Analyzing bank conflicts with Nsight compute

I’m following a book around CUDA and they show following example to illustrate the bank conflicts.
The book uses visual profiler but because I have a newer GPU, I need to use Nsight compute.

This is the kernel:

__global__ void matrix_transpose_shared(int* input, int* output) {

	__shared__ int sharedMemory[BLOCK_SIZE][BLOCK_SIZE];

	// global index	
	int indexX = threadIdx.x + blockIdx.x * blockDim.x;
	int indexY = threadIdx.y + blockIdx.y * blockDim.y;

	// transposed global memory index
	int tindexX = threadIdx.x + blockIdx.y * blockDim.x;
	int tindexY = threadIdx.y + blockIdx.x * blockDim.y;

	// local index
	int localIndexX = threadIdx.x;
	int localIndexY = threadIdx.y;

	int index = indexY * N + indexX;
	int transposedIndex = tindexY * N + tindexX;

	// reading from global memory in coalesed manner and performing tanspose in shared memory
	sharedMemory[localIndexX][localIndexY] = input[index];


	// writing into global memory in coalesed fashion via transposed data in shared memory
	output[transposedIndex] = sharedMemory[localIndexY][localIndexX];

When I profile my code in Nsight Compute, it doesn’t even give me a warning around the memory workload analyses…

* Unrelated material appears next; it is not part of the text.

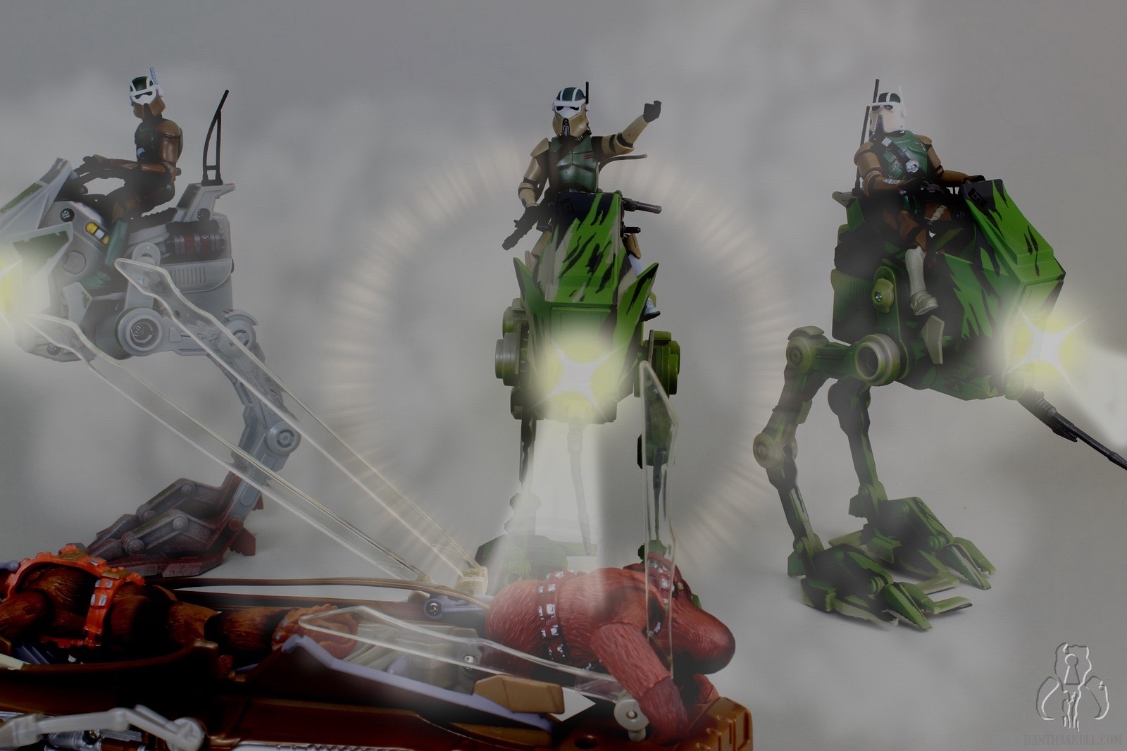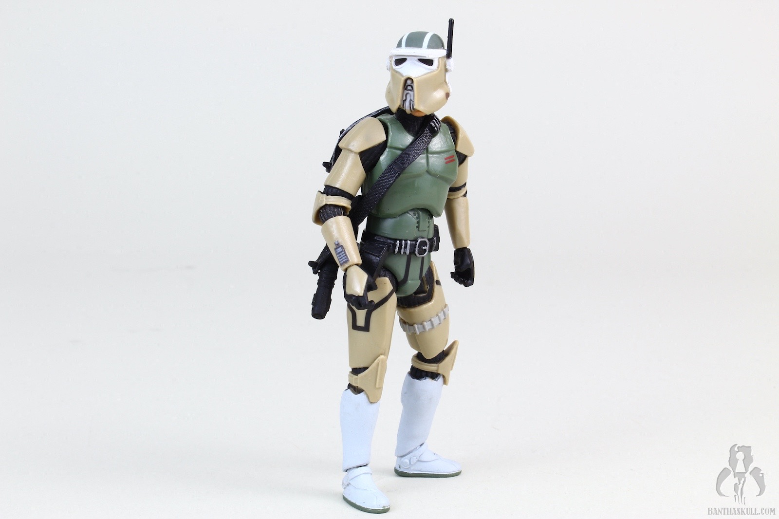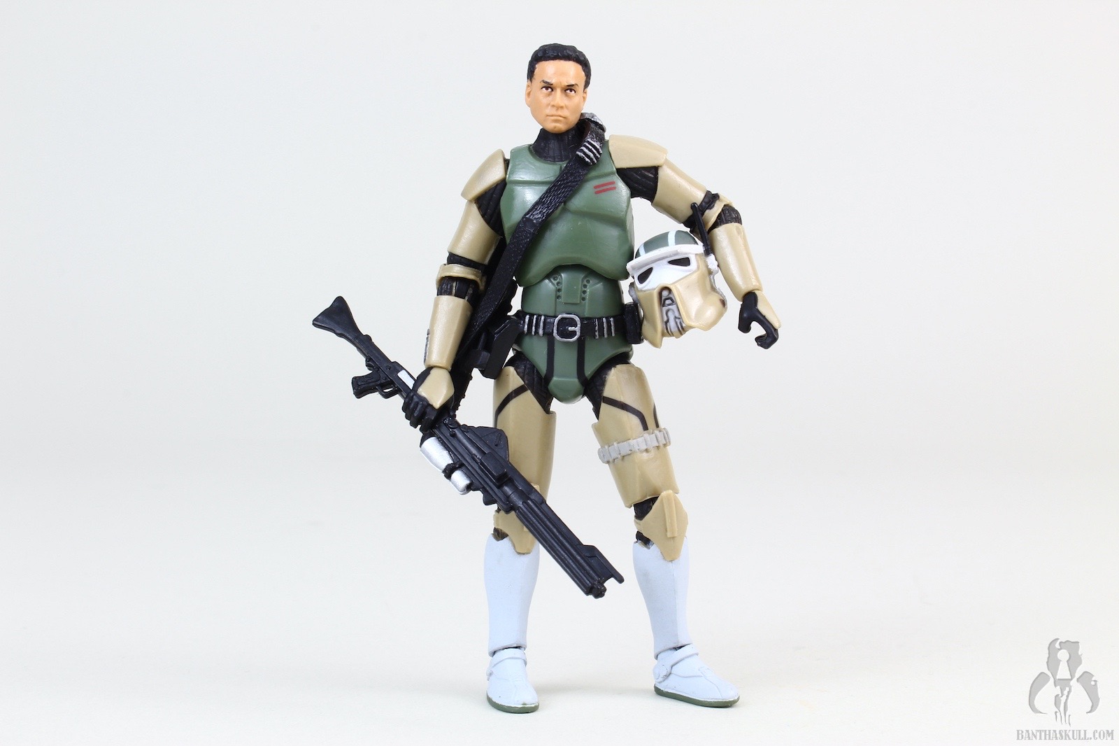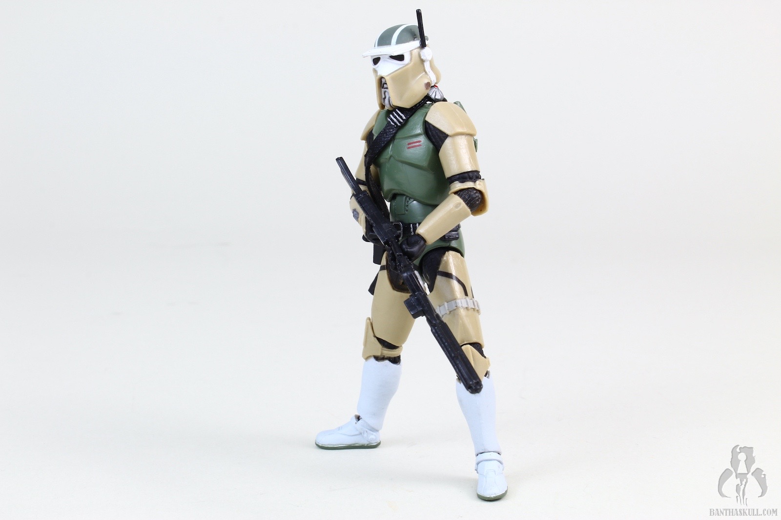 The sculpt and paint applications are excellent. While removable helmets are usually frowned upon by most collectors, it works well with this particular figure. The articulation allows for a variety of poses, including the sitting position required to interact with the AT-RT, although yes, it’s a little frustrating to get it there due to the hips. The driver comes with a pair of weapons, including an unusual type that slings over his shoulder. The figure is able to perform a THWG, so that’s a big plus.

The only warning that comes close is in the source counters where I get a warning around uncoalesced shared access.
The purpose of this sample was to solve the problem of uncoalesced access in the global memory, so that’s why the sample moved to shared memory…

While it’s true you don’t get an explicit warning, if you expand the “Memory Workload Analysis” section, you will see conflicts listed in the Shared Memory section.